Reproduce all the entries exactly and keep the pictures out.

════════

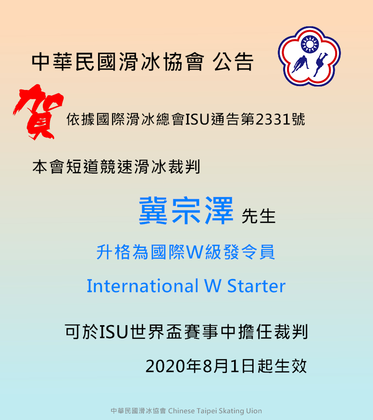 【公告】賀!本會短道競速滑冰裁判冀宗澤老師升格為國際W級發令員 Previous Article 【國際】【技術規則】花式滑冰男/女子及雙人最新技術規則停用 將沿用舊規則 Next Article 2020-2021賽季花式滑冰國家代表隊選拔辦法
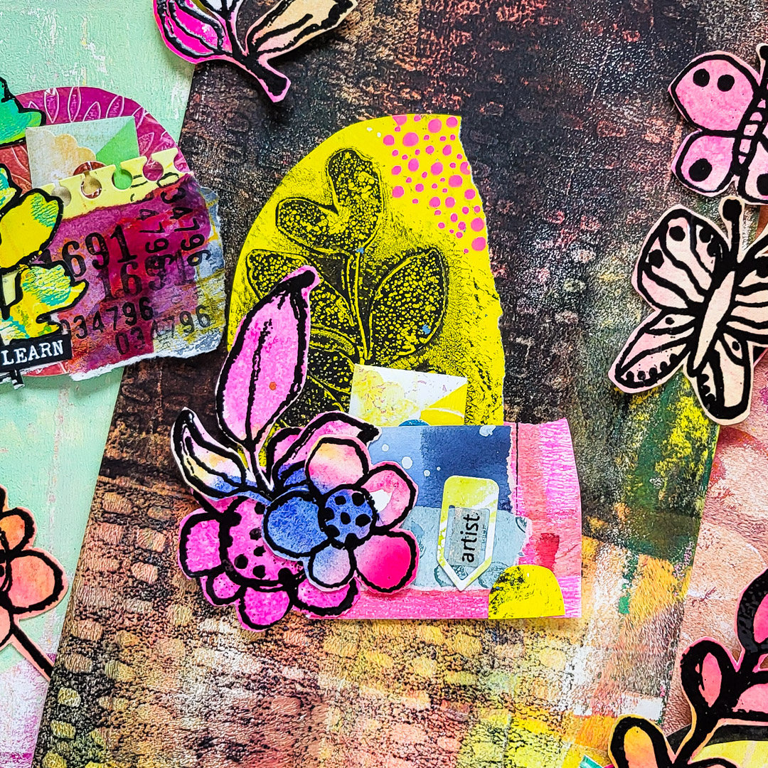 Have a look at some samples on how we used the stamps on different mixed media projects:
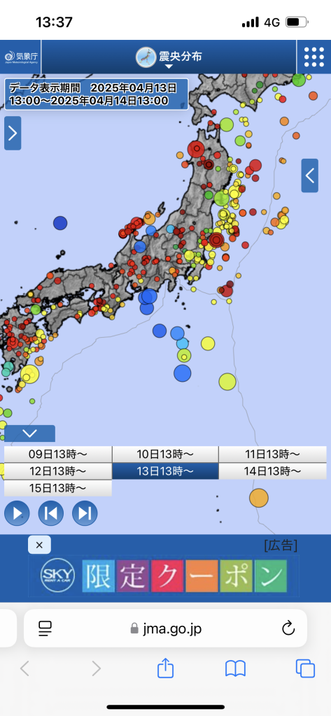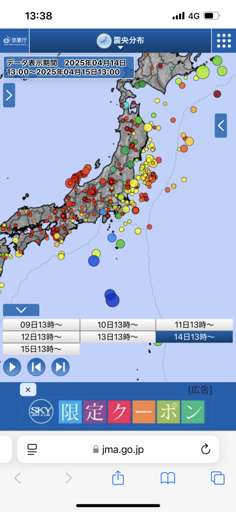 記事にある青丸。やはり太平洋側に青丸増えると大きな地震起こったでしょ。しかも、直線で結ぶと長野あるでしょ。想定内だったので、慌てることはなかったけれども。中央構造線上の地震は西から東へ進む傾向あるので、今はやはり、茨城、千葉注意です。
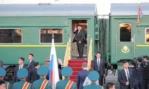 According to the sources, Kim's olive green, bulletproof train appears headed toward the Russian city of Komsomolsk-on-Amur, where he will visit an aircraft factory, following his meeting with Putin held on Wednesday at the Vostochny spaceport where he pledged full support for Russia, reports Yonhap News Agency.
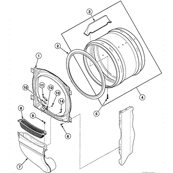 This front bulkhead assembly forms the dryer's front drum support and air seal. Replacing a worn or damaged bulkhead restores smooth drum rotation, reduces noise, and helps maintain proper airflow for consistent drying performance.

════════

_EXERCISE SOLUTION_
 【公告】賀!本會短道競速滑冰裁判冀宗澤老師升格為國際W級發令員 Previous Article 【國際】【技術規則】花式滑冰男/女子及雙人最新技術規則停用 將沿用舊規則 Next Article 2020-2021賽季花式滑冰國家代表隊選拔辦法
 Have a look at some samples on how we used the stamps on different mixed media projects:
 記事にある青丸。やはり太平洋側に青丸増えると大きな地震起こったでしょ。しかも、直線で結ぶと長野あるでしょ。想定内だったので、慌てることはなかったけれども。中央構造線上の地震は西から東へ進む傾向あるので、今はやはり、茨城、千葉注意です。
 According to the sources, Kim's olive green, bulletproof train appears headed toward the Russian city of Komsomolsk-on-Amur, where he will visit an aircraft factory, following his meeting with Putin held on Wednesday at the Vostochny spaceport where he pledged full support for Russia, reports Yonhap News Agency.
 This front bulkhead assembly forms the dryer's front drum support and air seal. Replacing a worn or damaged bulkhead restores smooth drum rotation, reduces noise, and helps maintain proper airflow for consistent drying performance.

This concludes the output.